[Source records]
┏━━

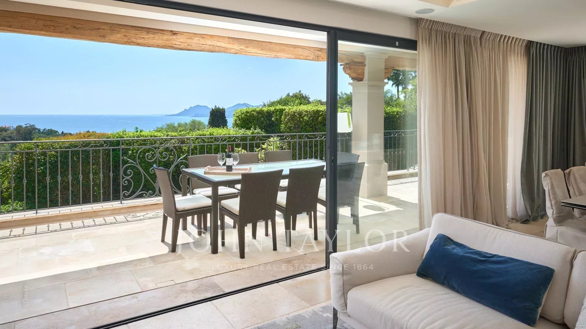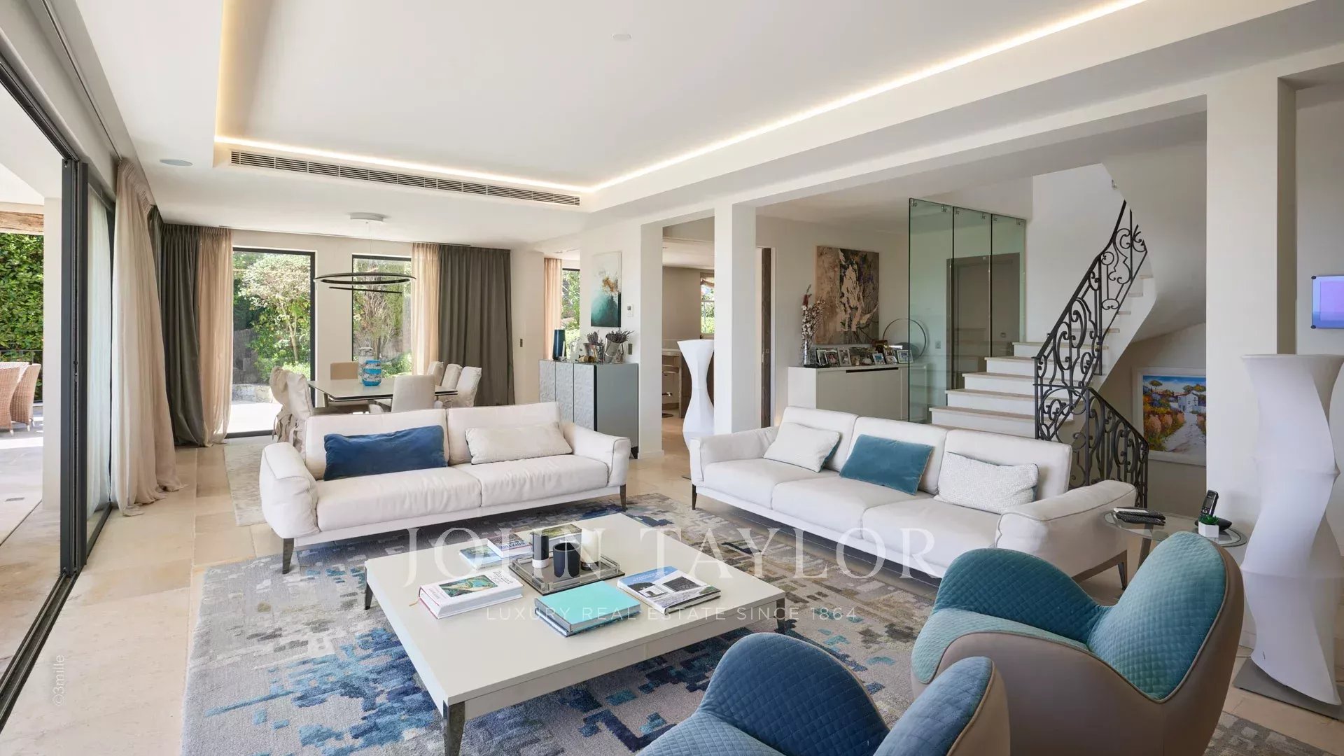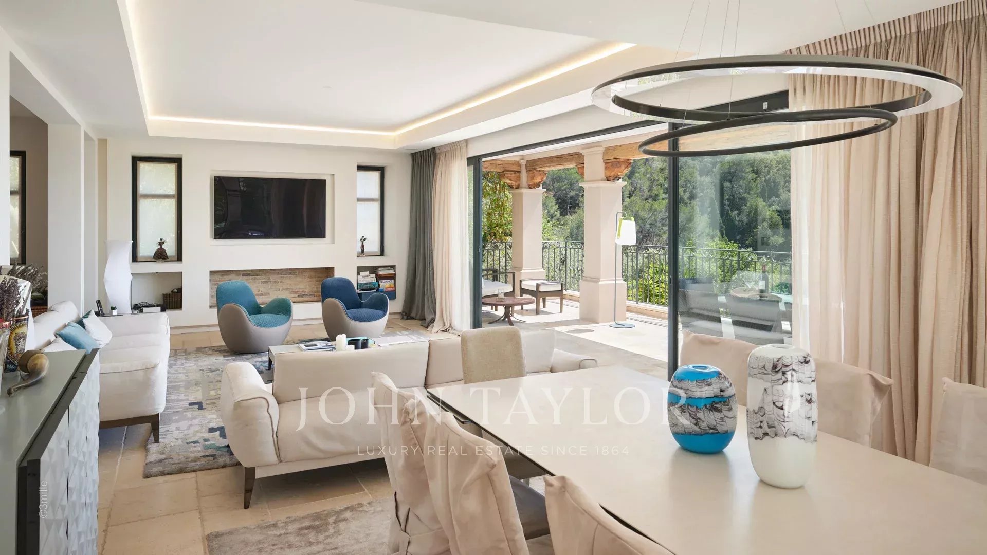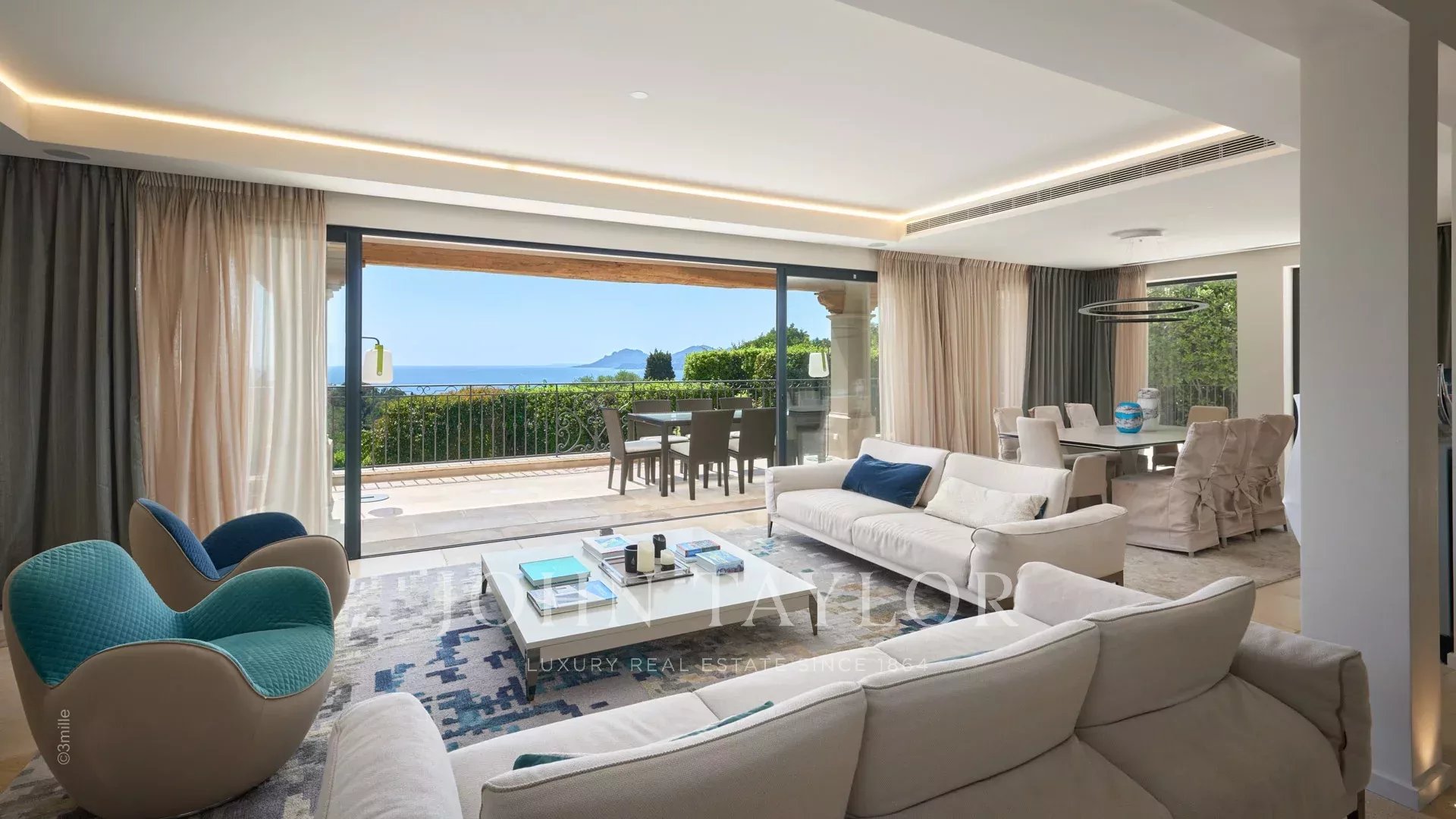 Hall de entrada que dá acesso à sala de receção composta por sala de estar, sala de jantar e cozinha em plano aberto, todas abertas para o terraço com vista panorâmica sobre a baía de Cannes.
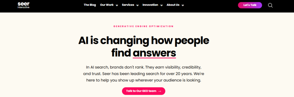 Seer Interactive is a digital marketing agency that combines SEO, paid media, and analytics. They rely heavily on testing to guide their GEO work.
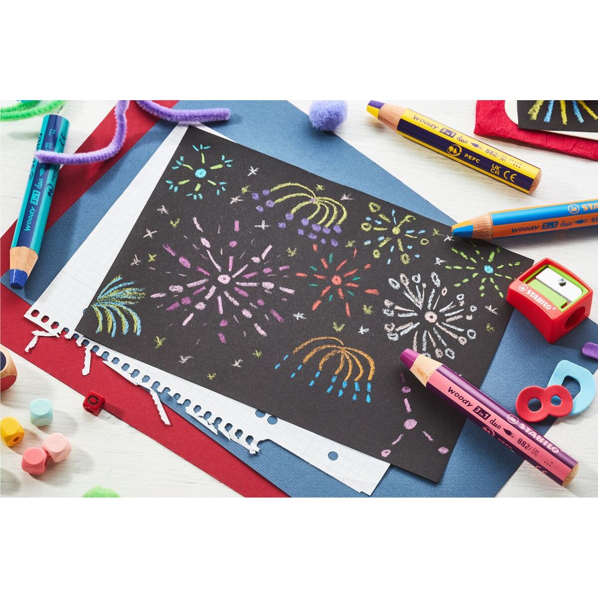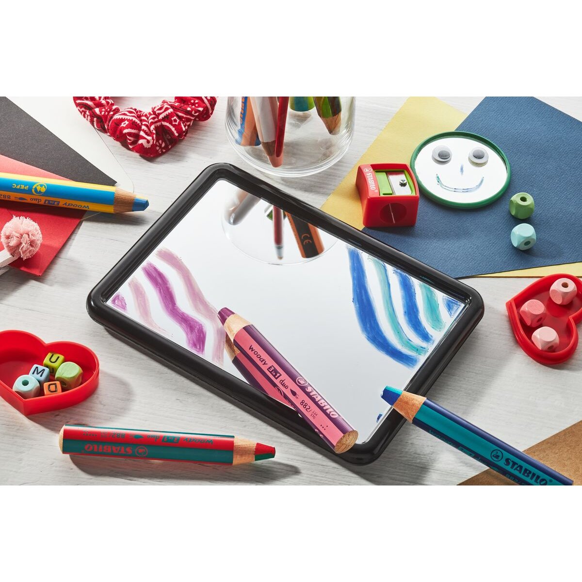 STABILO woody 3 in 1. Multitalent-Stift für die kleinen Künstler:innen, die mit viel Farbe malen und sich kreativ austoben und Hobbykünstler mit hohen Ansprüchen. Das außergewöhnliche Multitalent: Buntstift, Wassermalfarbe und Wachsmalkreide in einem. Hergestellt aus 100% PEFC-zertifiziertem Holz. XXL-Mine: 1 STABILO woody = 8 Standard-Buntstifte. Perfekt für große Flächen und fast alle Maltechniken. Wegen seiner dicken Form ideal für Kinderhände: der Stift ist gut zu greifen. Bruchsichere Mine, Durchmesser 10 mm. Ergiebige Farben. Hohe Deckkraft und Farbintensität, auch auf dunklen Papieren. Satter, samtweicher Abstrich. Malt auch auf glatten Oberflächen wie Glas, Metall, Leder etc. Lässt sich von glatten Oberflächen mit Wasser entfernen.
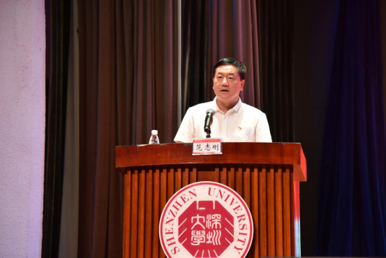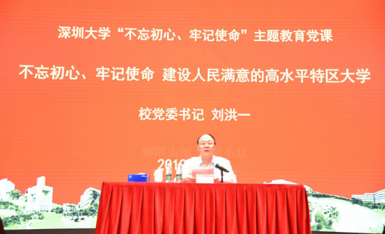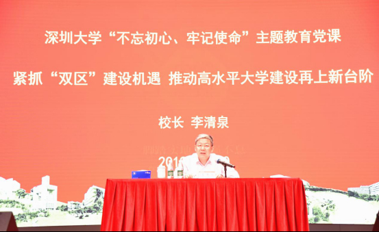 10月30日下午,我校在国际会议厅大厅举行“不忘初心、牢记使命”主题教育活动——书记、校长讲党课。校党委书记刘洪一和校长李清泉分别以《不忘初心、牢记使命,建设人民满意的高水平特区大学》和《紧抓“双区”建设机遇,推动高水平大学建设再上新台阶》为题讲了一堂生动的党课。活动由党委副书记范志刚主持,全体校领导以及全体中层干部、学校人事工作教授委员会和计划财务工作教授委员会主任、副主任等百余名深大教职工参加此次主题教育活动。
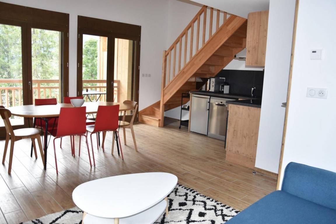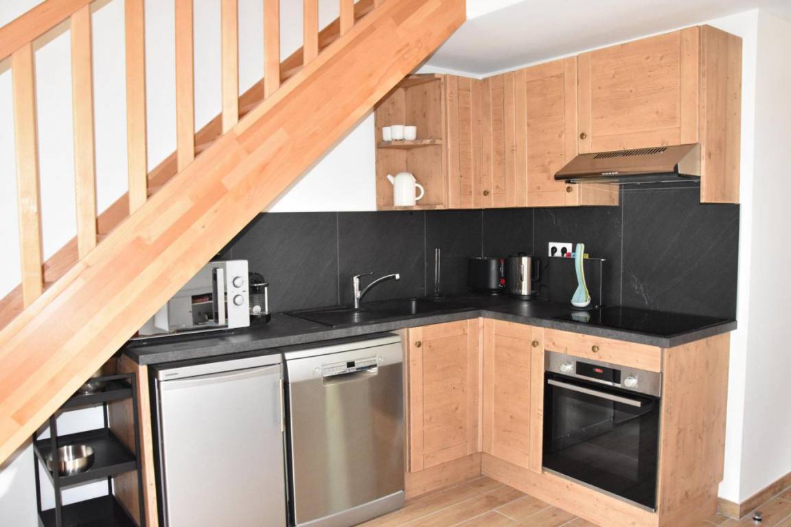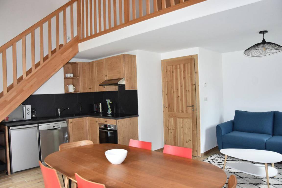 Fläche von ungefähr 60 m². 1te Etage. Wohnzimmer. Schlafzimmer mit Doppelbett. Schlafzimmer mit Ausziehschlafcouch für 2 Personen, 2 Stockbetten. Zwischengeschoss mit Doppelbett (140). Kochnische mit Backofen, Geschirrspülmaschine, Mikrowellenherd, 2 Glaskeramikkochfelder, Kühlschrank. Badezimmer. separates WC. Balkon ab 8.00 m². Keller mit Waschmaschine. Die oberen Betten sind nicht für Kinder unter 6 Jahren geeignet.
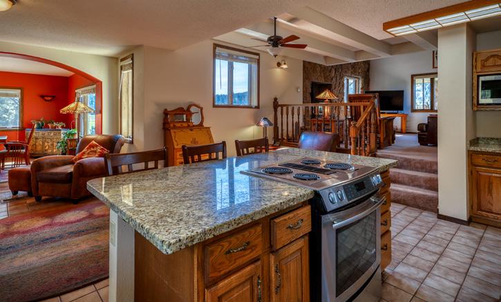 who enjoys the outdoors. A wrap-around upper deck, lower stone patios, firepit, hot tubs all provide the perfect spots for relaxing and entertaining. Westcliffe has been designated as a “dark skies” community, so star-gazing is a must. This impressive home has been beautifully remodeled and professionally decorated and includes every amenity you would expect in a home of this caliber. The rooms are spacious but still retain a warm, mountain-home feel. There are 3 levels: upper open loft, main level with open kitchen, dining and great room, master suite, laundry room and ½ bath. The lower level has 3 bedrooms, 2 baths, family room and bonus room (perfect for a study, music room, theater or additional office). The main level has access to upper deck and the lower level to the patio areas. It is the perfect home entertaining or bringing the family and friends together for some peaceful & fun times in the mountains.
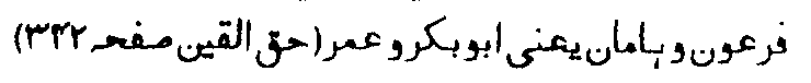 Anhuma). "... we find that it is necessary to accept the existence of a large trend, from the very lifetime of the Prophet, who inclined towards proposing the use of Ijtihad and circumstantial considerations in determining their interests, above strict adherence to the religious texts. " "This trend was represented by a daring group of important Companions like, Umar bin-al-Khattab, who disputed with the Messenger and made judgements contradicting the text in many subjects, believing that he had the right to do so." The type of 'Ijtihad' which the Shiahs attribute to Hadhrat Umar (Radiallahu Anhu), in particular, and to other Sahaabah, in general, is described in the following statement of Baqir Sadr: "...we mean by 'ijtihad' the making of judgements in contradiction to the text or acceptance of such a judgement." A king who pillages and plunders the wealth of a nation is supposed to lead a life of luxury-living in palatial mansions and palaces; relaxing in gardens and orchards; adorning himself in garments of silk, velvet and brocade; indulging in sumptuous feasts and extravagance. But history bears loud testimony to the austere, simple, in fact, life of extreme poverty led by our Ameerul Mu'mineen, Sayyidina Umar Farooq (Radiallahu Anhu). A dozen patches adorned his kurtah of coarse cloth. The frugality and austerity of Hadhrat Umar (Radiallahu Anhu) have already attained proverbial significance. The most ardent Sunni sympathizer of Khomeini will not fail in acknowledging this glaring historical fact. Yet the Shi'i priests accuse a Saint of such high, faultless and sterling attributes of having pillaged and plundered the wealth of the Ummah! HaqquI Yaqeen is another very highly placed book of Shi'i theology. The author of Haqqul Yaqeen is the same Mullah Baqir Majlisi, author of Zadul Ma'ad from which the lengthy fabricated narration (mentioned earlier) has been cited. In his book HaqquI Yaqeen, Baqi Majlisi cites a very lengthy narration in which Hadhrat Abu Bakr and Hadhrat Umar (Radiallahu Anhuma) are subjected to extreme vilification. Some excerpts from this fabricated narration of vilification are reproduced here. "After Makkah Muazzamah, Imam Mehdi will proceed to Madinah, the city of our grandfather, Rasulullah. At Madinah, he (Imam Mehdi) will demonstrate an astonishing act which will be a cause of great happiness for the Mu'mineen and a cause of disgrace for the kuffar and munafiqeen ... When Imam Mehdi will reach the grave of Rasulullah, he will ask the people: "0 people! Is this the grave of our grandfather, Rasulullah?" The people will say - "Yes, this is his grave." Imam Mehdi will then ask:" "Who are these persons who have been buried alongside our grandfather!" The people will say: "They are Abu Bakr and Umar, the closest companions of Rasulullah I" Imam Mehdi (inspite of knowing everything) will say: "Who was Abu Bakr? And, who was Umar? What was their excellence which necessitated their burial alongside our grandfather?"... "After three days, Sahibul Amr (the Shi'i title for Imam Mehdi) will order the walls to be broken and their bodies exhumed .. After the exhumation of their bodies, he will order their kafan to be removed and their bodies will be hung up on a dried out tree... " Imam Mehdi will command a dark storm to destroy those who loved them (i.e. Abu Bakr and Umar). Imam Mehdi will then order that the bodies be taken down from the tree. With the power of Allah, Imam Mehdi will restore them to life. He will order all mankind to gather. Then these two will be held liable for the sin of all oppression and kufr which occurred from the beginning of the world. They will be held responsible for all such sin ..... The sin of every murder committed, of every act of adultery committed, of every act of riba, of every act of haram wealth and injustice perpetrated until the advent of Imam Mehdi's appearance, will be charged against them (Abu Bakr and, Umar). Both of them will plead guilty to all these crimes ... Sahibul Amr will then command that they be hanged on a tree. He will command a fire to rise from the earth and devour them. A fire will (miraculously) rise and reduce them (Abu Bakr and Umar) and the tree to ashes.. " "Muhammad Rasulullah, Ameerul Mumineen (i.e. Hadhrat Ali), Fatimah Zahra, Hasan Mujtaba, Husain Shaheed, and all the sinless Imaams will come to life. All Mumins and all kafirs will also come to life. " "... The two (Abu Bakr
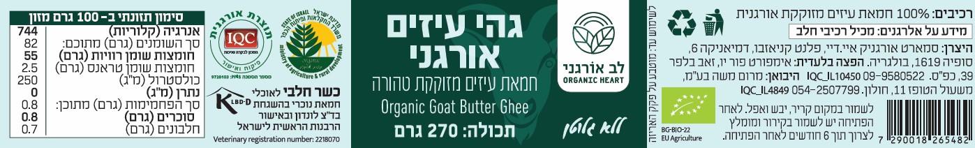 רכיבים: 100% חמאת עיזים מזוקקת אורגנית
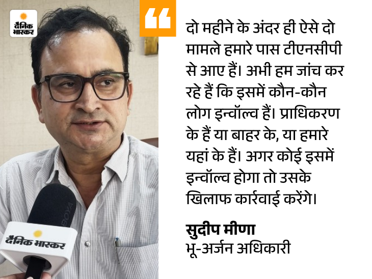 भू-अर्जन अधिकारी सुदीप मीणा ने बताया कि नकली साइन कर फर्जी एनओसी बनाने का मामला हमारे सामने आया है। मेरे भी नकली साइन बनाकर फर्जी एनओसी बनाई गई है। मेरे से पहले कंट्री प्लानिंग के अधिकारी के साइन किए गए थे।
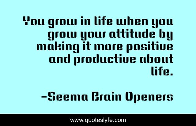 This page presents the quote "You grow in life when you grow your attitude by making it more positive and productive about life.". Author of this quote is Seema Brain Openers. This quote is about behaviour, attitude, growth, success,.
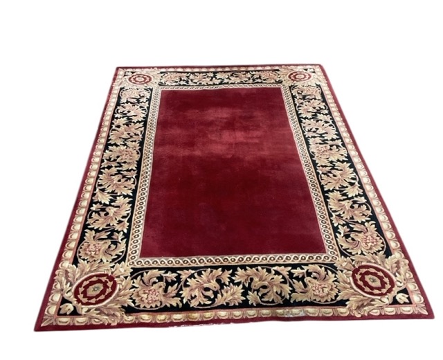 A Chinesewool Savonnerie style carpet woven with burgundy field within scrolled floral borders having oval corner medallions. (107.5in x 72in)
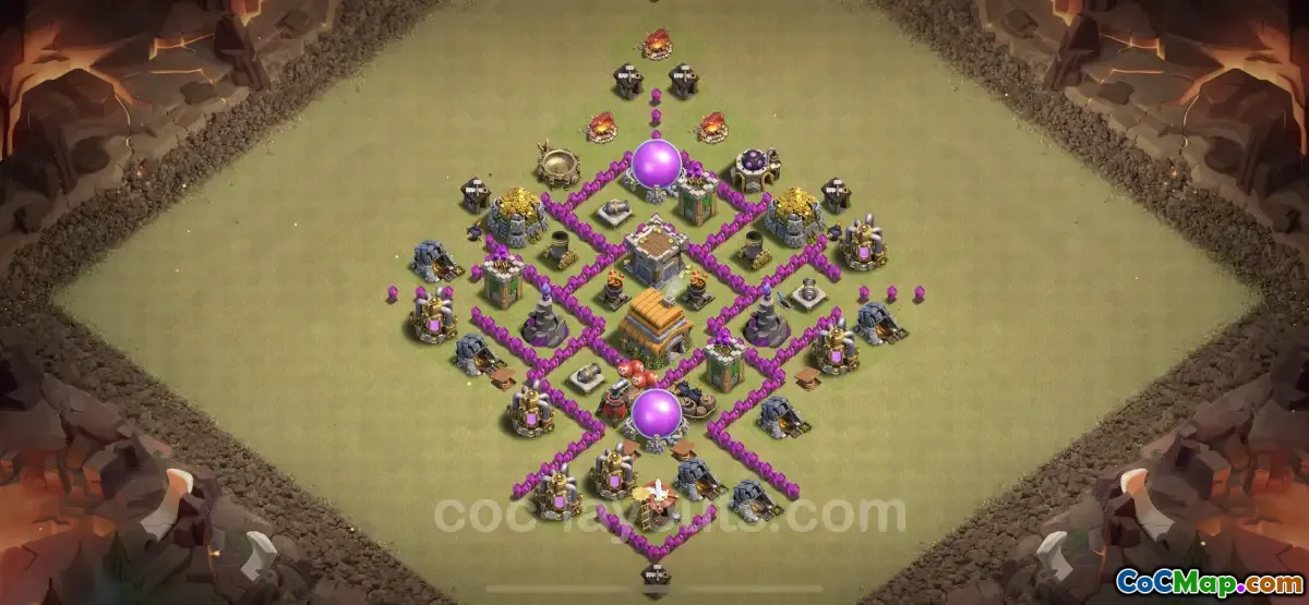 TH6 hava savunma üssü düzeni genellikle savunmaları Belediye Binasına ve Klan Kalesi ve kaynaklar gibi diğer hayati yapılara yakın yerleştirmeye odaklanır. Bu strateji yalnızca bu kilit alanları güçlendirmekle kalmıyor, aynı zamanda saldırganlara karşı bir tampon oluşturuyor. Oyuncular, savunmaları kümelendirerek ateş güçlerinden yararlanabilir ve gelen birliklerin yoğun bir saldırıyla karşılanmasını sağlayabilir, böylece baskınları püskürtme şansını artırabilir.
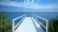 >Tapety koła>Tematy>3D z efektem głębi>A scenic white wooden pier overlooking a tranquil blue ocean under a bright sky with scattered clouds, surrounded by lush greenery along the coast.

┗━━

* _What to produce_
Pictures do not belong in the copy. Repeat only the lines from the top of the records through the line containing "Seer Interactive is".

* _Written answer_
 Hall de entrada que dá acesso à sala de receção composta por sala de estar, sala de jantar e cozinha em plano aberto, todas abertas para o terraço com vista panorâmica sobre a baía de Cannes.
 Seer Interactive is a digital marketing agency that combines SEO, paid media, and analytics. They rely heavily on testing to guide their GEO work.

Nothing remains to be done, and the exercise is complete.